PROVIDED MATERIAL –
....................

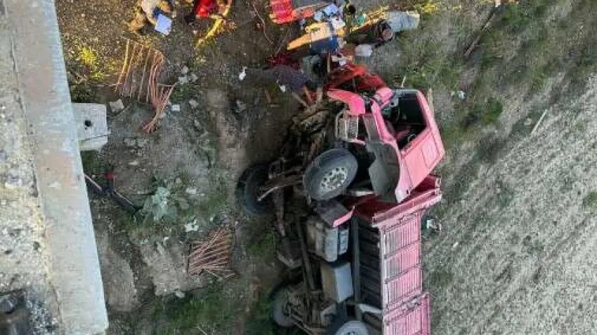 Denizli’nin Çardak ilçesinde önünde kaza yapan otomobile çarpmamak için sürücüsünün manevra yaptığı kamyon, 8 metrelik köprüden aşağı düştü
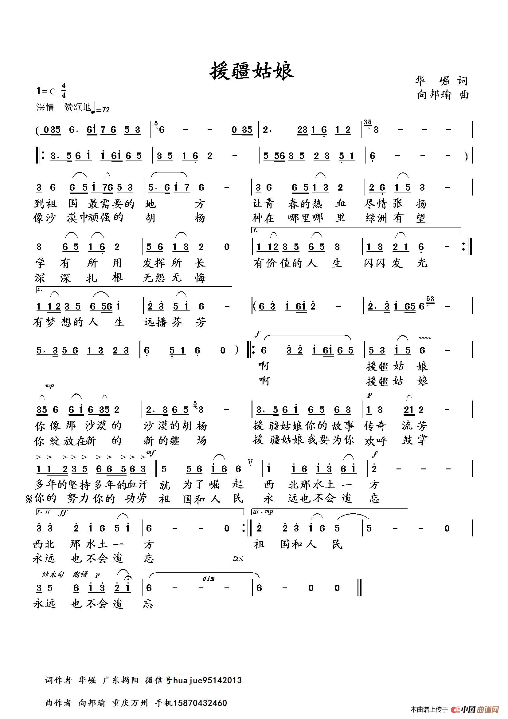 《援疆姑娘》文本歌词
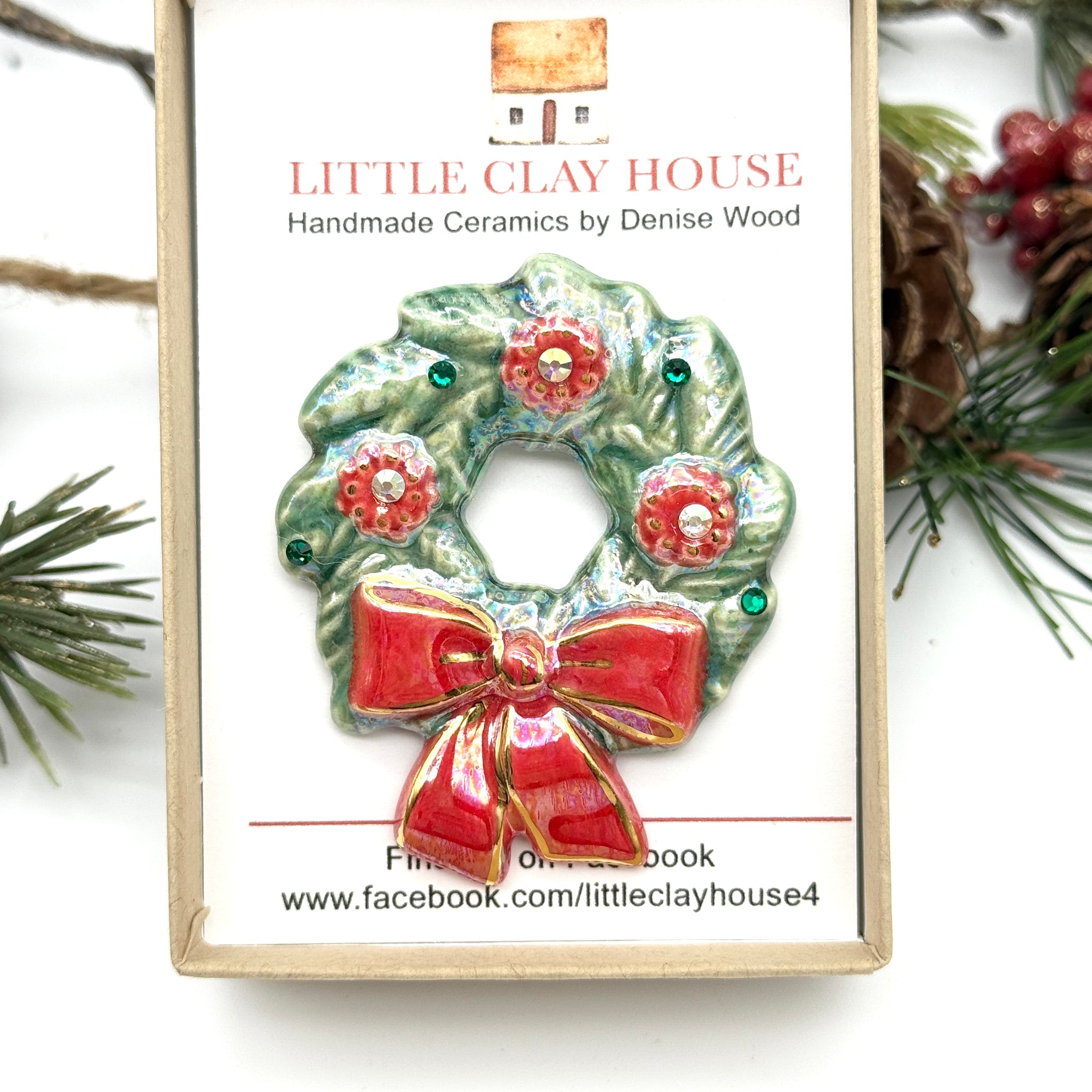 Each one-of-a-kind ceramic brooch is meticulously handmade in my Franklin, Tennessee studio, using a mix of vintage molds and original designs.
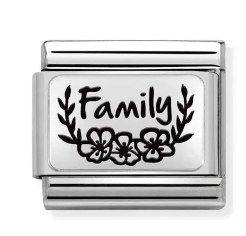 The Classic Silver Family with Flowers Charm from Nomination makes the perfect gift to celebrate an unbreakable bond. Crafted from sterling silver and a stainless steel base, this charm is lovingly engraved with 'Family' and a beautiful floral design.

....................

AIM OF THE TASK –
Print the data word for word and omit the pictures.

SOLUTION TO THIS EXERCISE –
 Denizli’nin Çardak ilçesinde önünde kaza yapan otomobile çarpmamak için sürücüsünün manevra yaptığı kamyon, 8 metrelik köprüden aşağı düştü
 《援疆姑娘》文本歌词
 Each one-of-a-kind ceramic brooch is meticulously handmade in my Franklin, Tennessee studio, using a mix of vintage molds and original designs.
 The Classic Silver Family with Flowers Charm from Nomination makes the perfect gift to celebrate an unbreakable bond. Crafted from sterling silver and a stainless steel base, this charm is lovingly engraved with 'Family' and a beautiful floral design.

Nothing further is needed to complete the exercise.